The coating also possesses excellent transparency, flexibility, and
durability. The optical transmission of uncoated and coated glass slides
exhibited negligible differences in the visible light range (400-750 nm,
Fig. 2A). The glass slide bearing the transparent coating did not
obscure the screen (Fig. 2B), indicating its potential applicability for
electronic displays or devices. This optical clarity could be attributed
to the flatness of the coating surface, thanks to the excellent
miscibility of the silicon precursors and the lack of solvent
volatilization disturbance in this solvent-free system. The atomic force
microscopy (AFM, Fig. 2C) image indicated that the root-mean-square
surface roughness was only ~ 0.5 nm, while the SEM (Fig.
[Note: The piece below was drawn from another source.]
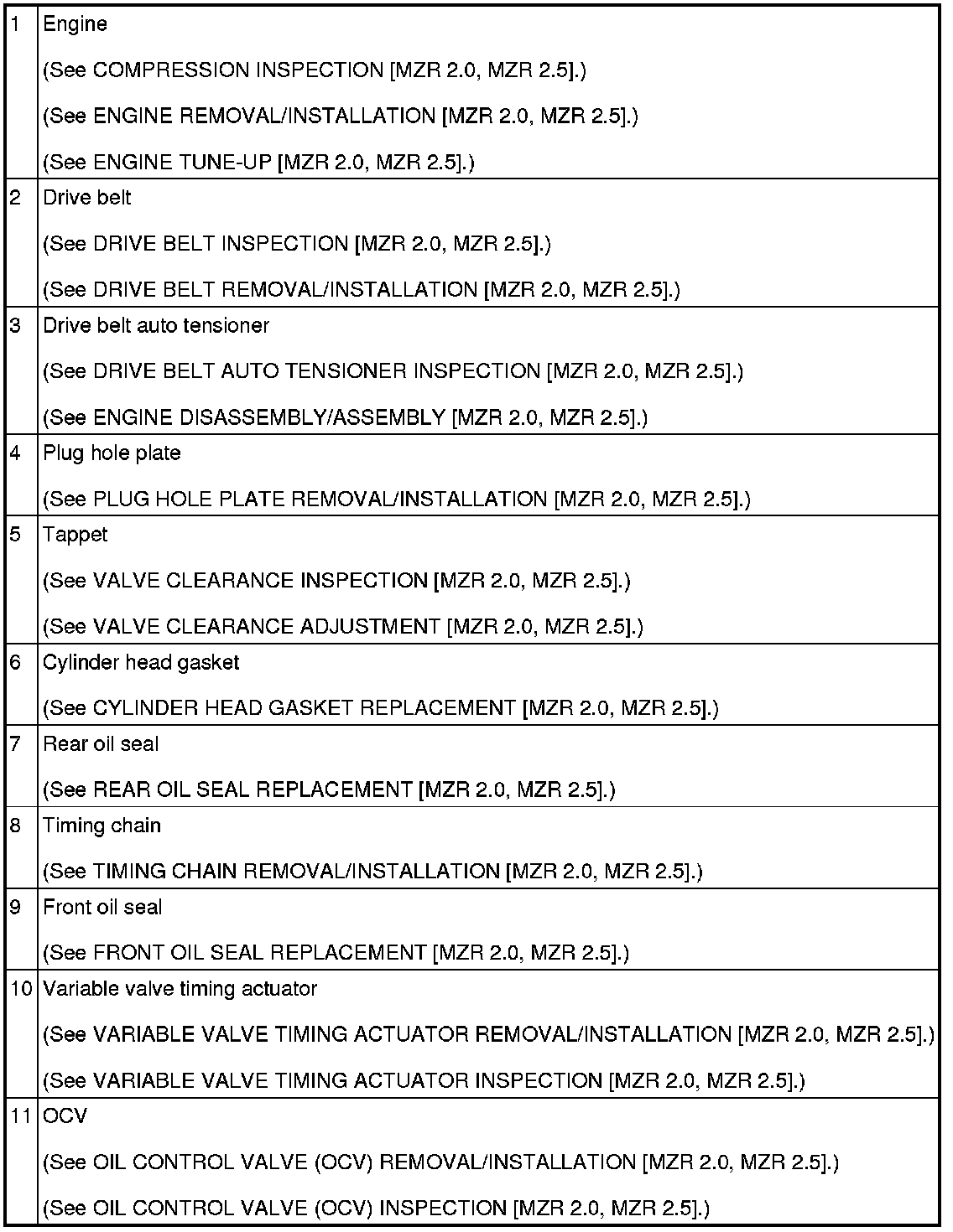 ENGINE LOCATION INDEX [MZR 2.0, MZR 2.5]

S4) image revealed that the coating possessed a featureless surface with
no evidence of structures or roughness above the micrometer scale. A
minimum bending radius of less than 1 mm was reached for the coated PET
(Fig. 2D). This excellent flexibility and foldability would expand a
diverse range of coating applications, including the coating of soft
pipelines, as well as flexible materials or devices for prosthetics and
advanced robotics. The coating possessed a hardness rating of HB
according to the ASTM D3363 protocol, and the oil-based ink could still
be completely removed from the coating even after it had been subjected
to 1000 abrasion cycles with cotton fabric under a load of 500 g (Fig.
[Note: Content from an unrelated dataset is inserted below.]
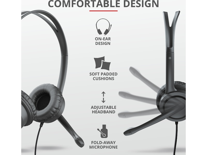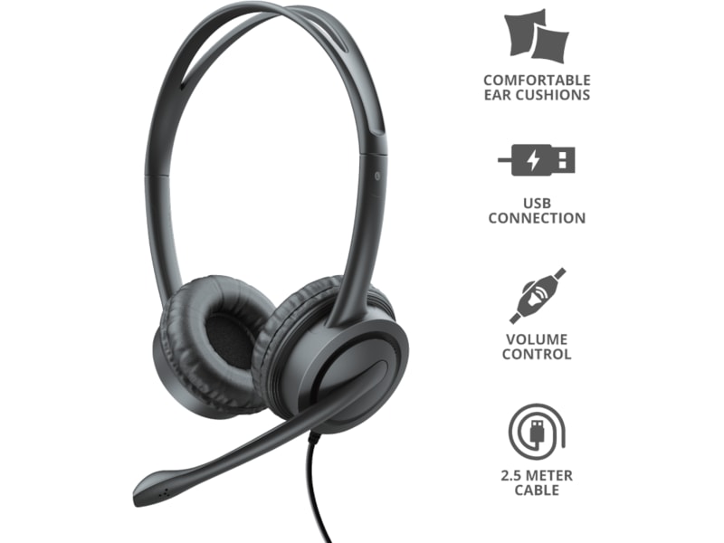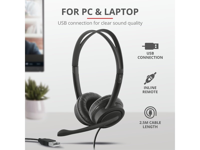 Viktigste egenskaper USB-tilkobling for tydelig og støyfri tale under chatting eller spilløkter online Komfortabel design med justerbar hodebøyle og myke øreputer Integrert fjernkontroll med volumkontroll og dempebryter for mikrofon og hodetelefoner Bare koble en plugg til USB-porten på PC-en din; du trenger ikke å koble fra høyttalerne Mikrofonen kan skrus av når du lytter til musikk Ideell for online spilløkter, musikklytting, chatte- og telefoniprogrammer som Hangouts, Teams, Zoom osv. Ekstra lang kabel på 2,5 meter

2E). The coatings maintained their long-term anti-adhesion performances
even after they had been immersed in basic, acidic, salt solutions, and
oil (Fig. 2F and G). The negligible chemical change of the coating
surface after the immersion in different liquids for various lengths of
time has been confirmed via CA measurements (Fig. 2H) and XPS (Fig. S7).
With the high crosslinking density that is induced by the low molecular
weight of processors, the migration of interfacial segments as well as
the chemical reconstruction at the interfaces of the coating and ambient
liquids would be restrained.